Tan Book: Economic report prepared by the Federal Reserve for FOMC meeting.

Technical Analysis: The study of past price pattern to predict the future performance of a particular currency.

Thin Market: Occurs when trading volume and liquidity of a particular market is low.

Tick: Minimum change in price, either up or down.

Tier One: It is the bank’s core capital (bank equity) that supports bank lending.

Tight Money: This is a situation where money or loans are very difficult to obtain due to circumstances resulting in central banks monetary policy decisions.

Tomorrow Next: Also known as Tom Next. This is a foreign exchange trading strategy that seeks simultaneous buying of a currency for delivery the following day and selling for the spot day and vice-versa.

Trade Deficit/Surplus: This is the difference between value of imports and exports.

Transaction Date: Date at which a trade occurs.

Treasury Bills: Short-term U.S. government obligations sold at a discount from face value. Treasury bills generally are issued with 13-, 26- or 52-week maturities.

Trend: The general direction of the market broken down into an up-trend, downtrend or sideways trend.

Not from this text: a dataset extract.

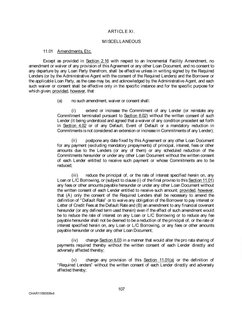 ARTICLE XI. MISCELLANEOUS 11.01 Amendments, Etc. Except as provided in Section 2.16 with respect to an Incremental Facility Amendment, no amendment or waiver of any provision of this Agreement or any other Loan Document, and no consent to any departure by any Loan Party therefrom, shall be effective unless in writing signed by the Required Lenders (or by the Administrative Agent with the consent of the Required Lenders) and the Borrower or the applicable Loan Party, as the case may be, and acknowledged by the Administrative Agent, and each such waiver or consent shall be effective only in the specific instance and for the specific purpose for which given; provided, however, that (a) no such amendment, waiver or consent shall: (i) extend or increase the Commitment of any Lender (or reinstate any Commitment terminated pursuant to Section 8.02) without the written consent of such Lender (it being understood and agreed that a waiver of any condition precedent set forth in Section 4.02 or of any Default, Event of Default or a mandatory reduction in Commitments is not considered an extension or increase in Commitments of any Lender); (ii) postpone any date fixed by this Agreement or any other Loan Document for any payment (excluding mandatory prepayments) of principal, interest, fees or other amounts due to the Lenders (or any of them) or any scheduled reduction of the Commitments hereunder or under any other Loan Document without the written consent of each Lender entitled to receive such payment or whose Commitments are to be reduced; (iii) reduce the principal of, or the rate of interest specified herein on, any Loan or L/C Borrowing, or (subject to clause (i) of the final proviso to this Section 11.01) any fees or other amounts payable hereunder or under any other Loan Document without the written consent of each Lender entitled to receive such amount; provided, however, that (A) only the consent of the Required Lenders shall be necessary to amend the definition of “Default Rate” or to waive any obligation of the Borrower to pay interest or Letter of Credit Fees at the Default Rate and (B) an amendment to any financial covenant hereunder (or any defined term used therein) even if the effect of such amendment would be to reduce the rate of interest on any Loan or L/C Borrowing or to reduce any fee payable hereunder shall not be deemed to be a reduction of the principal of, or the rate of interest specified herein on, any Loan or L/C Borrowing, or any fees or other amounts payable hereunder or under any other Loan Document; (iv) change Section 8.03 in a manner that would alter the pro rata sharing of payments required thereby without the written consent of each Lender directly and adversely affected thereby; (v) change any provision of this Section 11.01(a) or the definition of “Required Lenders” without the written consent of each Lender directly and adversely affected thereby; 107 CHAR1\1593539v8

Turnover: Total money value of all transactions in a given time period.

Two-Tier market: A dual exchange rate system where normally only one rate is open to market pressure, e.g. South Africa.

Two-Way Price: Quote in a foreign exchange transaction where both buying and selling rates are indicated.

U

Under-Valuation: Is where exchange rate is below its purchasing power parity.

USDX: Currency index that consists of the weighted average of the prices of ten foreign currencies against the US dollar: Deutsche Mark, Japanese Yen, French Franc, British Pound, Canadian Dollar, Italian Lira, Dutch Guilder, Belgian Franc, Swedish Krona, and Swiss Franc.

US Prime Rate: Rate at which US banks lends to its prime corporate customer.

V

Value at Risk: Expected loss form an adverse market movement with specified probability over a particular period of time.

Value Date: Date at which both parties of a particular transaction agrees on settlement. This occurs two business days after the trade has occurred.

Variation Margin: This is fund required by trading party in order to fully cover any unrealized profit.

Volatility: Degree at which price of currency tends to fluctuate within a certain period of time.

W

Whipsaw: Generally occurs in a volatile market where price fluctuates up and down for a period of time until specific direction is taken.

World Bank: An organization that focuses mainly on foreign exchange reserves and the balance of trade.

Y

Yard: In the foreign exchange market, it is referred to as billion.